13. With respect to defendant Martinez's discovery responses:

a. Courts view the self-collection of data with skepticism. See Markey v. Lapolla Industries, Inc., No. 12 CV 4622, 2015 WL 5027522, at *21 (E.D.N.Y. Aug. 25, 2015) (criticizing process and imposing sanctions where "the attorneys had little to no direct contact with Plaintiffs during the process of gathering the responsive documents"); Northington v. H & M International, No. 08-CV-6297, 2011 WL 663055, at *17 (N.D. Ill. Jan. 12, 2011) (finding defendant at fault where it "never tasked anyone other than the custodians themselves to search their computer hard drives, hard copy documents, or other sources for potentially relevant evidence"); Pension Committee of the University of Montreal Pension Plan v. Banc of America Securities, LLC, 685 F. Supp. 2d 456, 473 (S.D.N.Y. 2010) (finding process ineffective where counsel's "directive places total reliance on the employee to search and select what that employee believed to be responsive records without any supervision from Counsel"), abrogated on other grounds by Chin v. Port Authority of New York & New Jersey, 685 F.3d 185 (2d Cir. 2012). That is particularly so where, as here, the individual asked to collect responsive information is an alleged wrongdoer. As one court has reasoned:

[D]efendant directed just three employees (one of whom was at the center of plaintiff's complaints) to search their own email without help from counsel and to cull from that email what would be relevant documents. It is unreasonable to allow a party's interested employees to make the decision about the relevance of such documents, especially when those same employees have the ability to permanently delete unfavorable email from a party's system. . . . Most non-lawyer employees . . . do not have enough knowledge of the applicable law to correctly recognize which documents are relevant to a lawsuit and which are not. Furthermore, employees are often reluctant to reveal their mistakes or misdeeds.
Jones v. Bremen High School District 228, No. 08 C 3548, 2010 WL 2106640, at *7 (N.D. Ill. May 25, 2010). Counsel shall therefore review defendant Martinez's personal email account and electronic devices and produce any information responsive to plaintiff's discovery requests that has not yet been disclosed.

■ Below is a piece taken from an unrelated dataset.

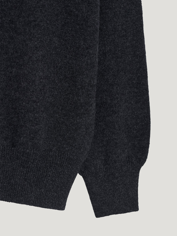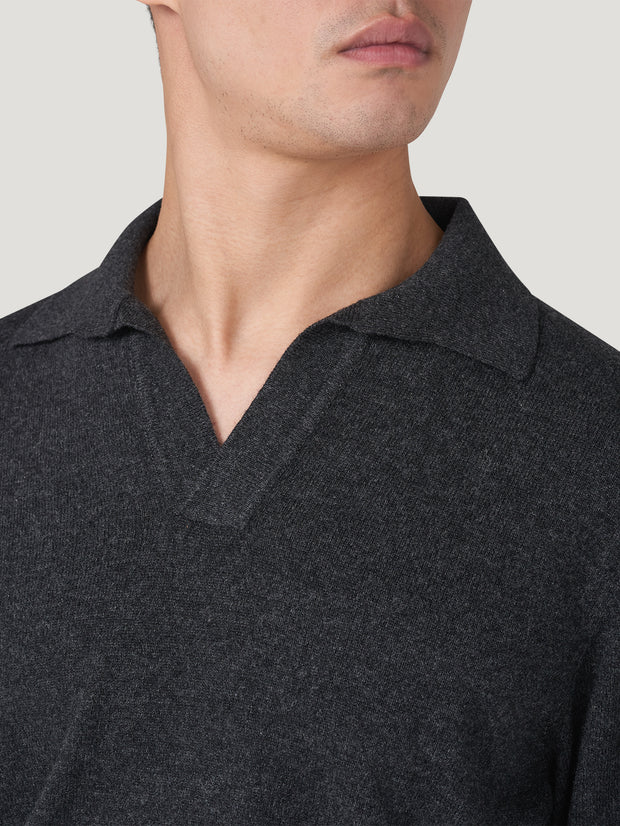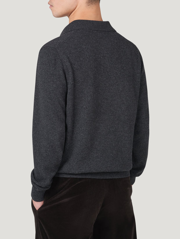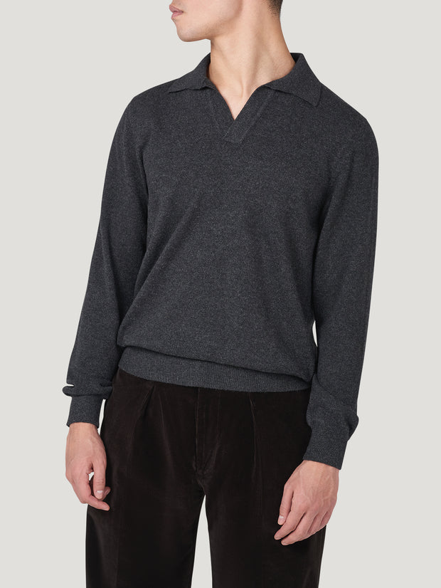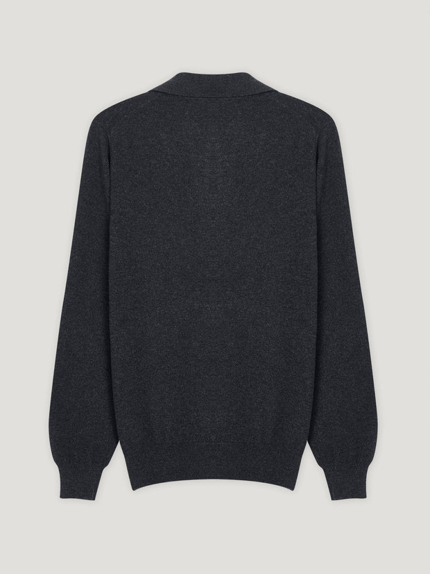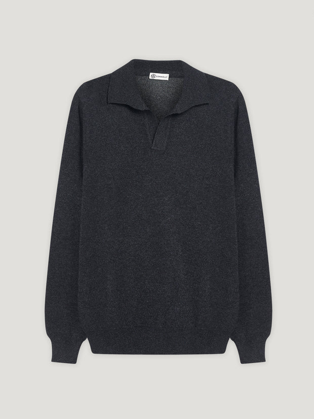 Made from soft lightweight cashmere the open collar polo is in a beautiful anthracite grey colour. The polo sweater has a dropped shoulder and is made from 1ply 12 gauge cashmere.

b. Defendant Martinez need not produce information regarding the Revlon lawsuit as it is irrelevant.

c. Defendant Martinez need not produce documents reflecting his opinions about living in Westchester and the Jewish residents there, as this request is overbroad.

d. Defendant Martinez shall produce documents sufficient to show the terms of each of his engagements by WPP following his separation from JWT.

14. Each party shall fully comply with the terms of this Order within 30 days.

SO ORDERED.

/s/_________

JAMES C. FRANCIS IV

UNITED STATES MAGISTRATE JUDGE Dated: New York, New York

October 25, 2017 Copies transmitted this date: Anne C. Vladeck, Esq.
Debra L. Raskin, Esq.
Jeremiah J. Iadevaia, Esq.
Joshua Tarrant-Windt, Esq.
Vladeck, Raskin & Clark, PC
565 Fifth Ave., 9th Floor
New York, NY 10017 Howard J. Rubin, Esq.
Jennifer T. Klausner, Esq.
Judith Kong, Esq.
Sharon S. Cohen, Esq.
Davis & Gilbert LLP
1740 Broadway
New York, NY 10019 Ricki E. Roer, Esq.
Celena R. Mayo, Esq.
Nancy V. Wright, Esq.
Alexandra Manfredi, Esq.
Wilson Elser Moskowitz Edelman & Dicker LLP
150 E. 42nd St.
New York, NY 10017


Summaries of

Johnson v. J. Walter Thompson U.S.A., LLC

UNITED STATES DISTRICT COURT SOUTHERN DISTRICT OF NEW YORK
Oct 25, 2017
16 Civ. 1805 (JPO)(JCF) (S.D.N.Y. Oct. 25, 2017)
Case details for

Johnson v. J. Walter Thompson U.S.A., LLC

Case Details

Full title:ERIN JOHNSON, Plaintiff, v. J. WALTER THOMPSON U.S.A., LLC, J. WALTER…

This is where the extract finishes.